Beginning with the line containing "Das ist ein", transcribe every line exactly down to the last one in the records below, and drop the pictures.
[Provided material — start]
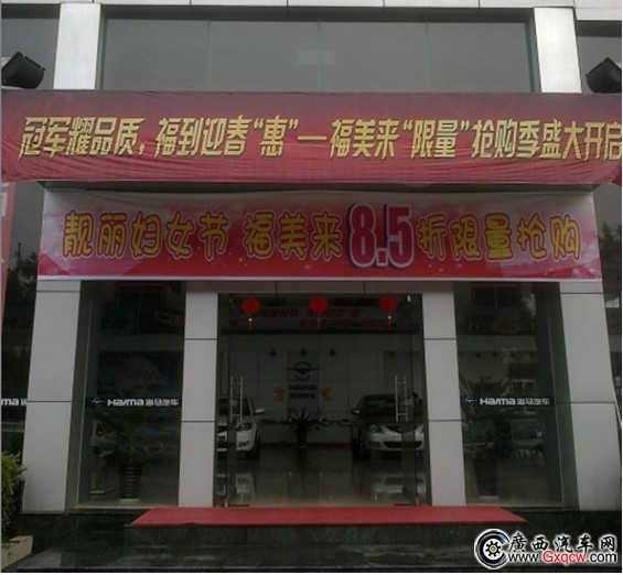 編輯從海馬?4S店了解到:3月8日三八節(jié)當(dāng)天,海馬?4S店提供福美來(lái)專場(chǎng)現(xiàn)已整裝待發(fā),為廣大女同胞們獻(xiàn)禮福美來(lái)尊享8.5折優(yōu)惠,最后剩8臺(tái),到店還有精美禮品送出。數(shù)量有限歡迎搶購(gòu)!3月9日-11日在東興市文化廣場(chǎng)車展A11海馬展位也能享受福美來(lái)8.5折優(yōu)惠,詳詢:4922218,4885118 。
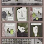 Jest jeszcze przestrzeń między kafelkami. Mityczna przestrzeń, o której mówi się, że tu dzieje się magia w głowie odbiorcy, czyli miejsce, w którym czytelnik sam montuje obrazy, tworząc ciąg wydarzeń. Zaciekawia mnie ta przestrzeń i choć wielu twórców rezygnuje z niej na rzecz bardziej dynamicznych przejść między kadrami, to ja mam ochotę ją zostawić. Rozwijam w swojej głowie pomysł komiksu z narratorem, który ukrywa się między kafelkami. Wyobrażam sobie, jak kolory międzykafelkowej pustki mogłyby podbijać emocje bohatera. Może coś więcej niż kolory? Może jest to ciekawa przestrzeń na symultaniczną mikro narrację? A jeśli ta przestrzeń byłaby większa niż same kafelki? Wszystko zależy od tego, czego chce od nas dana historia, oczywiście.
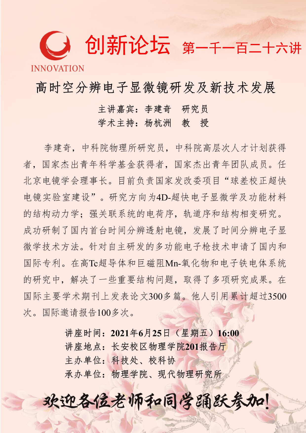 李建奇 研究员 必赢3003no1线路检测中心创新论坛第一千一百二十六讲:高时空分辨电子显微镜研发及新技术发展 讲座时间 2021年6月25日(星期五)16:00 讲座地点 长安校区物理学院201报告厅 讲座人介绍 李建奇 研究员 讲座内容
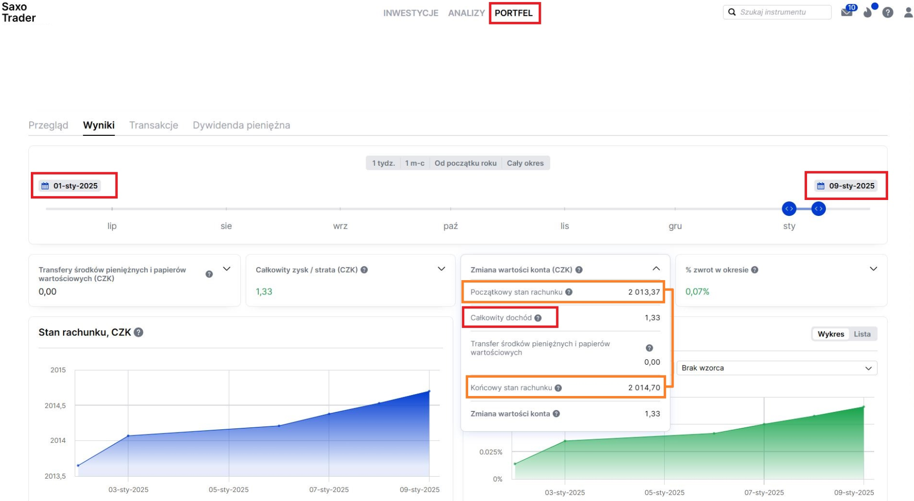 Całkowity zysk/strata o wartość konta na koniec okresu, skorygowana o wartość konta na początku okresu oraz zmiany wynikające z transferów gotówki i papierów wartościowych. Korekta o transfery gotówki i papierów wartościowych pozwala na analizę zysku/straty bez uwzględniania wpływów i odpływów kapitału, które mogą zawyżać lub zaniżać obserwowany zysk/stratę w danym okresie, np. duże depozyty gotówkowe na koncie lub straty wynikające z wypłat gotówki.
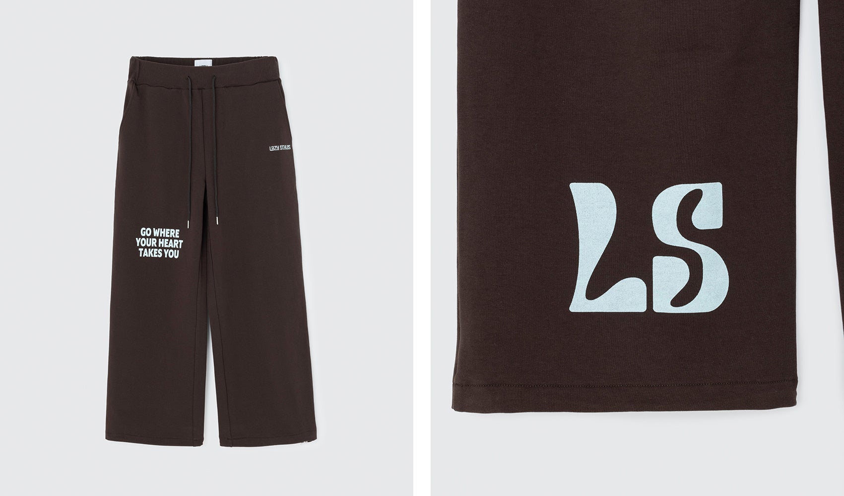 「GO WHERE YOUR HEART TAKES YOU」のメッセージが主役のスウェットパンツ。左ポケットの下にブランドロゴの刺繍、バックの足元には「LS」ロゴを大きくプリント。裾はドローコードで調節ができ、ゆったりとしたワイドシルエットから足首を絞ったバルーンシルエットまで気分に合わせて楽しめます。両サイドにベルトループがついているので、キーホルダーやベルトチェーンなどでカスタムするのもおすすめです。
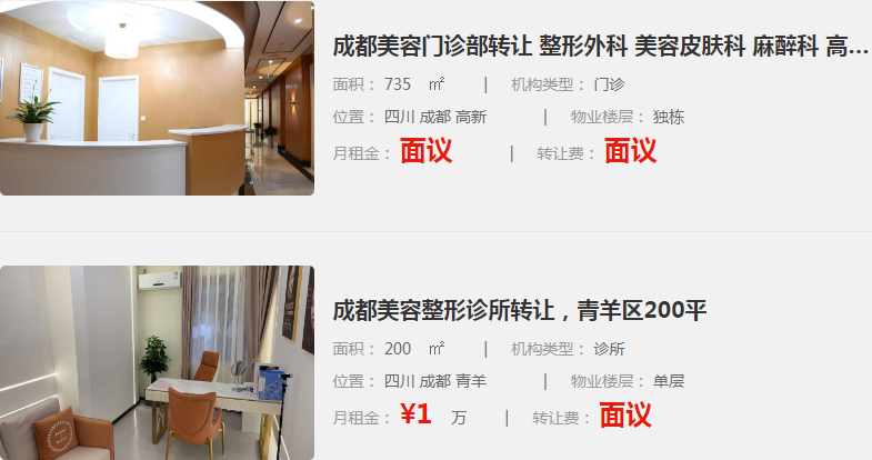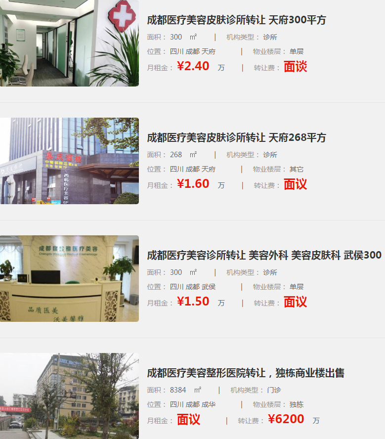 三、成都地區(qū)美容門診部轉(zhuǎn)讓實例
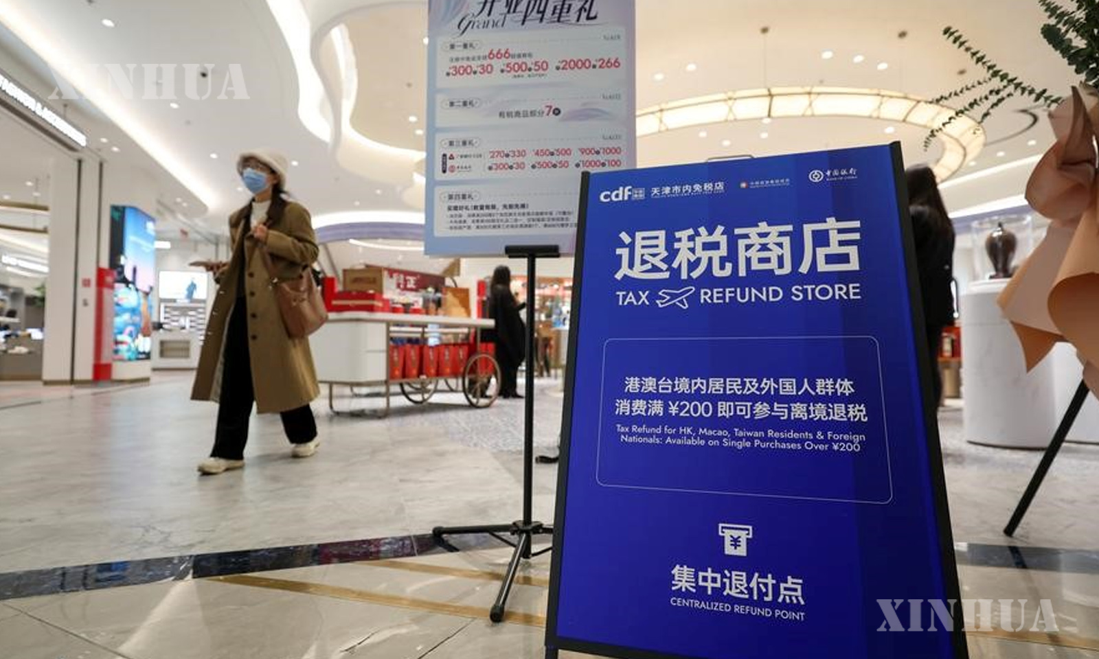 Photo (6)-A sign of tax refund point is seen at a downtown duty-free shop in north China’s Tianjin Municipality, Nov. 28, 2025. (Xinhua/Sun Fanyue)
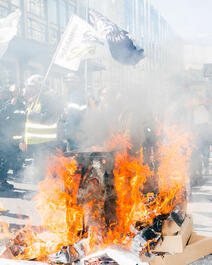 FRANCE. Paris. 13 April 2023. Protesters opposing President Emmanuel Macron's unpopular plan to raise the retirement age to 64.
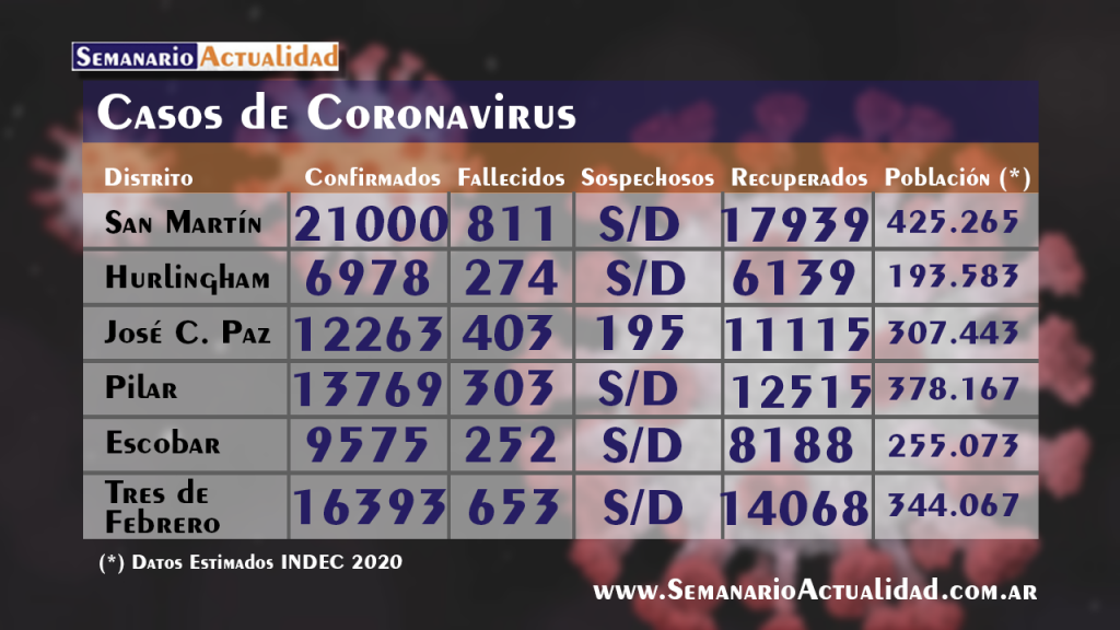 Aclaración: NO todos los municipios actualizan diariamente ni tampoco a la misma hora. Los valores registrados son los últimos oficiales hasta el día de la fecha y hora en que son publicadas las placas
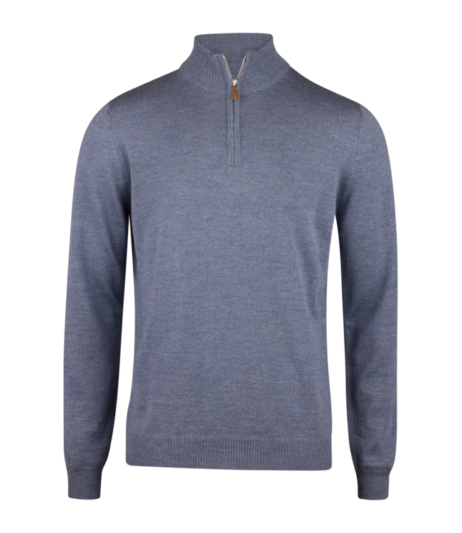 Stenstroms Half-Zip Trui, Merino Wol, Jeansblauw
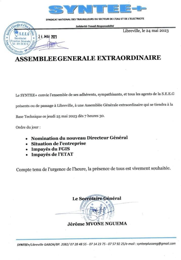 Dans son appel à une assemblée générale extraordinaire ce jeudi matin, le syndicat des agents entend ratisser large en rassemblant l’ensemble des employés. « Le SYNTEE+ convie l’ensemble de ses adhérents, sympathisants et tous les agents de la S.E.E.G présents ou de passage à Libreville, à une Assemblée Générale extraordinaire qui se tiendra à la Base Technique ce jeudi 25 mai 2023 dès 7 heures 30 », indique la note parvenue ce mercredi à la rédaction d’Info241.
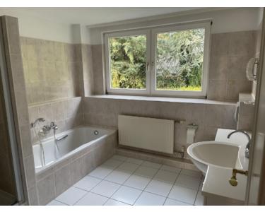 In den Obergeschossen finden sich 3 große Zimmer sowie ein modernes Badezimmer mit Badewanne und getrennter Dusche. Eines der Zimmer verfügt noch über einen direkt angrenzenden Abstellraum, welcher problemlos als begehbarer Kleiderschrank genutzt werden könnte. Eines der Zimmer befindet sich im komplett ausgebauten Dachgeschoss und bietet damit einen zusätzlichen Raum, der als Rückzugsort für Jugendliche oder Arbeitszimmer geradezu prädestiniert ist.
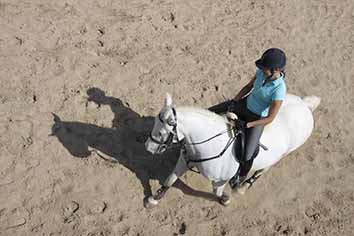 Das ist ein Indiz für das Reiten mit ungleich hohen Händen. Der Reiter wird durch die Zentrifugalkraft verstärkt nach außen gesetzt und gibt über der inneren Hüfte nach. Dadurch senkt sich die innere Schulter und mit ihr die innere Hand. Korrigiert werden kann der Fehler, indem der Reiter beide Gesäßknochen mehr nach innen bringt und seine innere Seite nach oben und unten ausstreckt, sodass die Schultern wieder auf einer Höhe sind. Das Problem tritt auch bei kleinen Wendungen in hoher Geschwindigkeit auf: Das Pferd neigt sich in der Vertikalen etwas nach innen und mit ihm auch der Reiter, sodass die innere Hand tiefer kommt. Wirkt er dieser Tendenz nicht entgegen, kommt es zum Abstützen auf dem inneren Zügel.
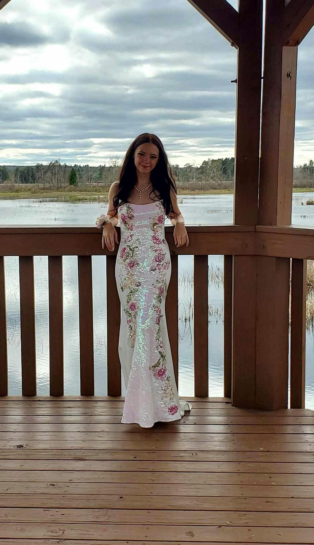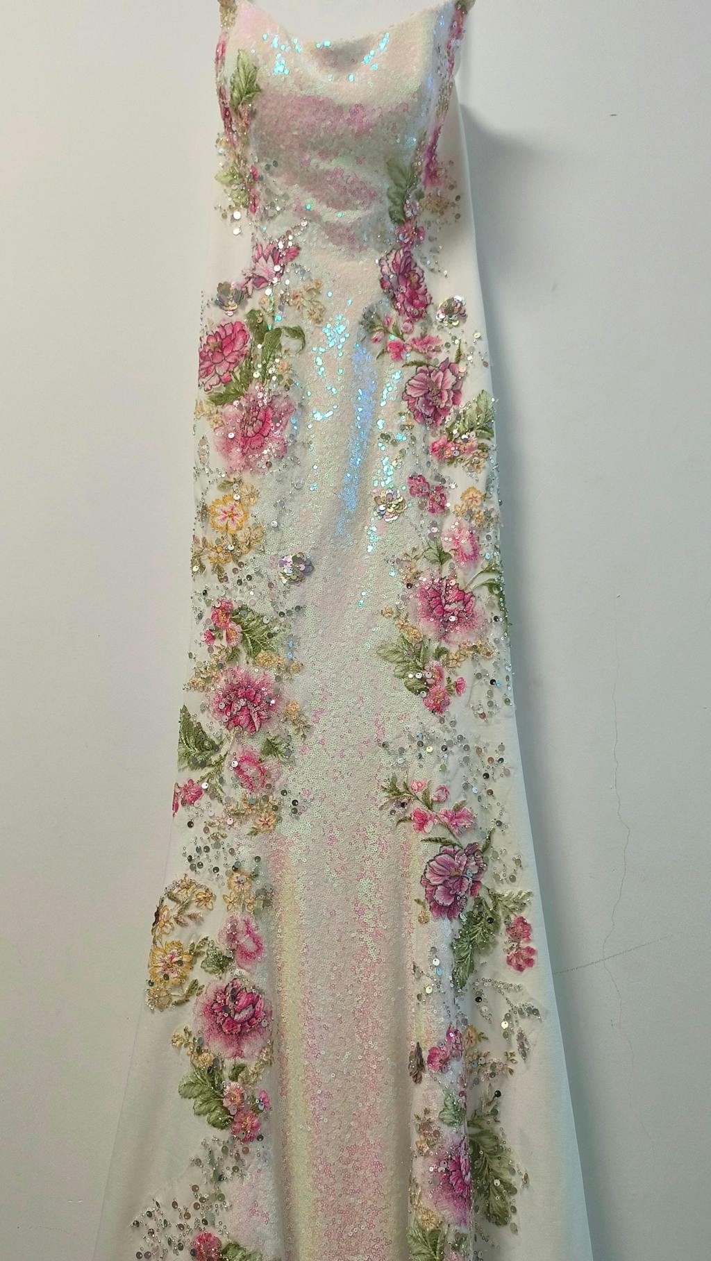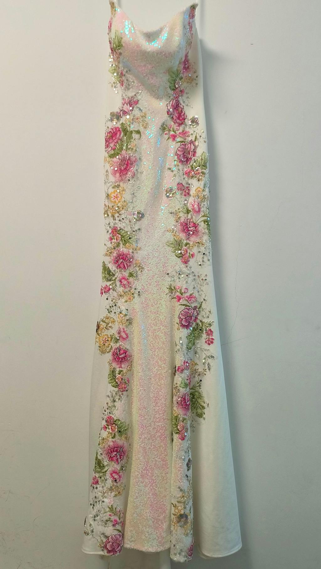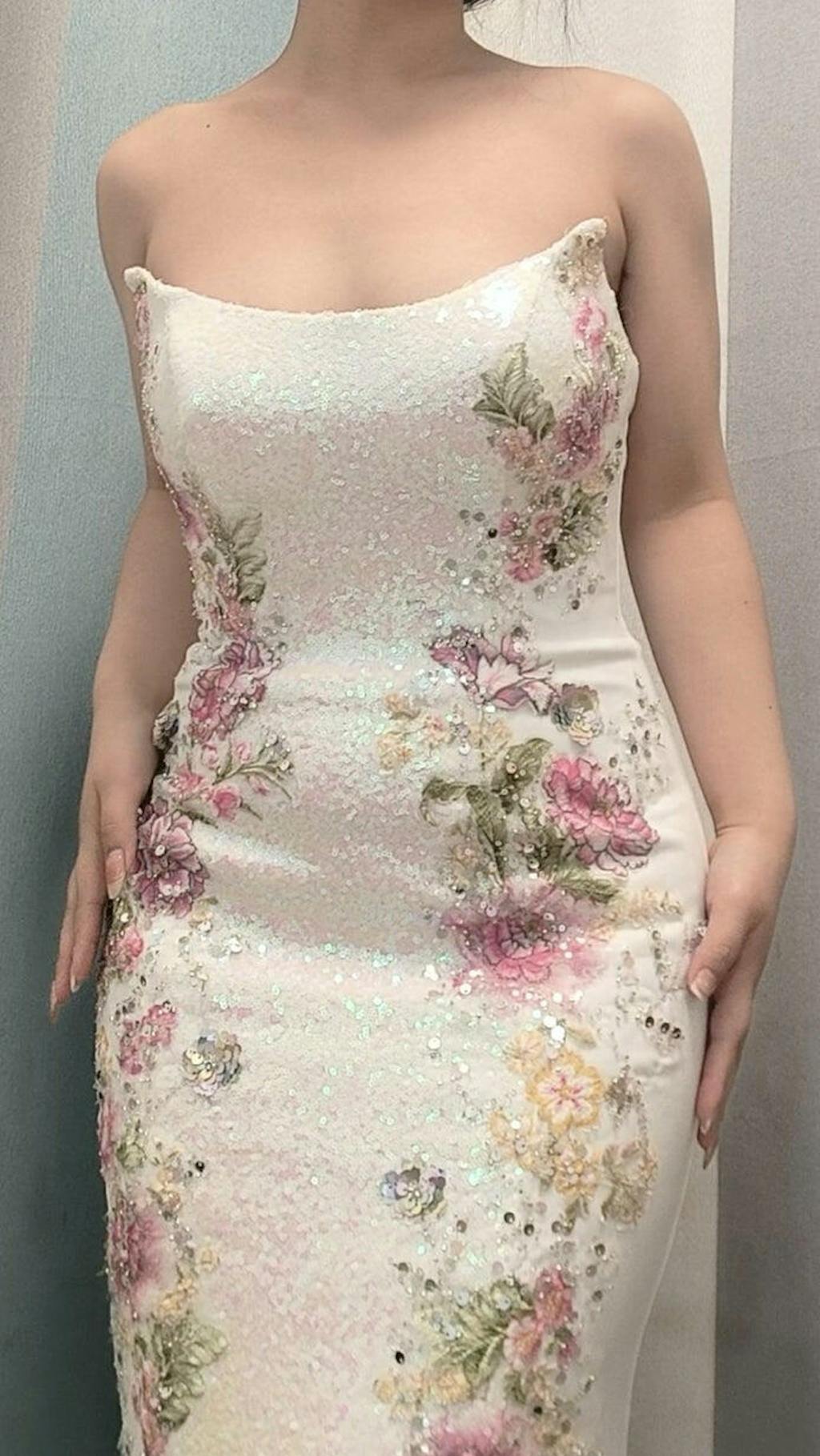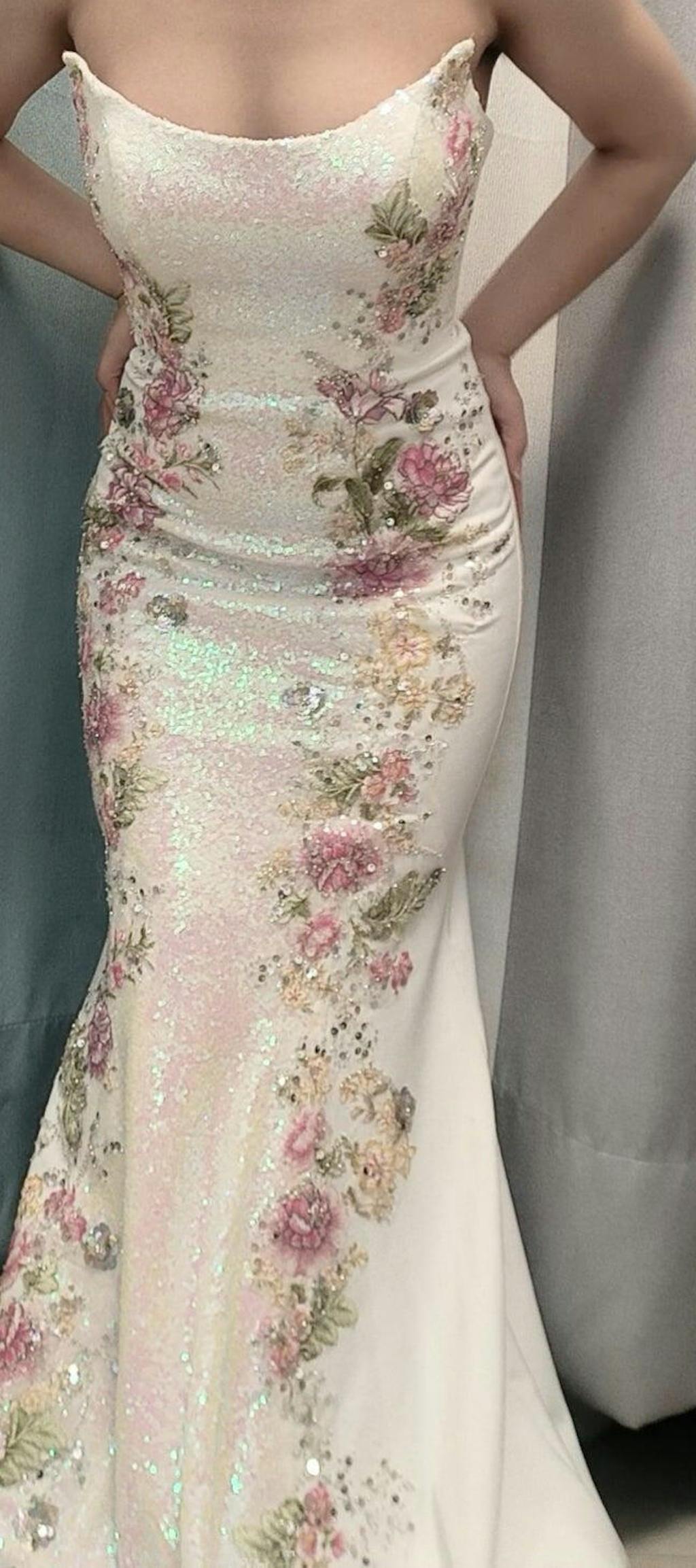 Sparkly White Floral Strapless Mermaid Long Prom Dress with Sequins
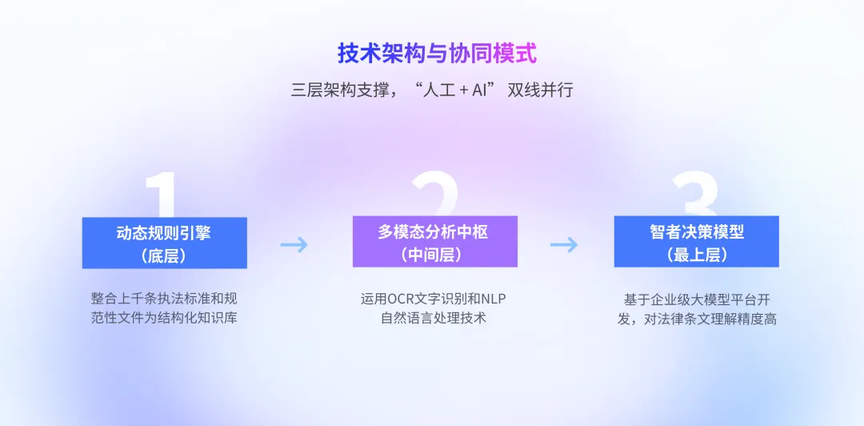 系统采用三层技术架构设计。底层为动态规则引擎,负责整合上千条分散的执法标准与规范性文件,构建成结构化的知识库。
[Provided material — finish]
(Your response):
 Das ist ein Indiz für das Reiten mit ungleich hohen Händen. Der Reiter wird durch die Zentrifugalkraft verstärkt nach außen gesetzt und gibt über der inneren Hüfte nach. Dadurch senkt sich die innere Schulter und mit ihr die innere Hand. Korrigiert werden kann der Fehler, indem der Reiter beide Gesäßknochen mehr nach innen bringt und seine innere Seite nach oben und unten ausstreckt, sodass die Schultern wieder auf einer Höhe sind. Das Problem tritt auch bei kleinen Wendungen in hoher Geschwindigkeit auf: Das Pferd neigt sich in der Vertikalen etwas nach innen und mit ihm auch der Reiter, sodass die innere Hand tiefer kommt. Wirkt er dieser Tendenz nicht entgegen, kommt es zum Abstützen auf dem inneren Zügel.
 Sparkly White Floral Strapless Mermaid Long Prom Dress with Sequins
 系统采用三层技术架构设计。底层为动态规则引擎,负责整合上千条分散的执法标准与规范性文件,构建成结构化的知识库。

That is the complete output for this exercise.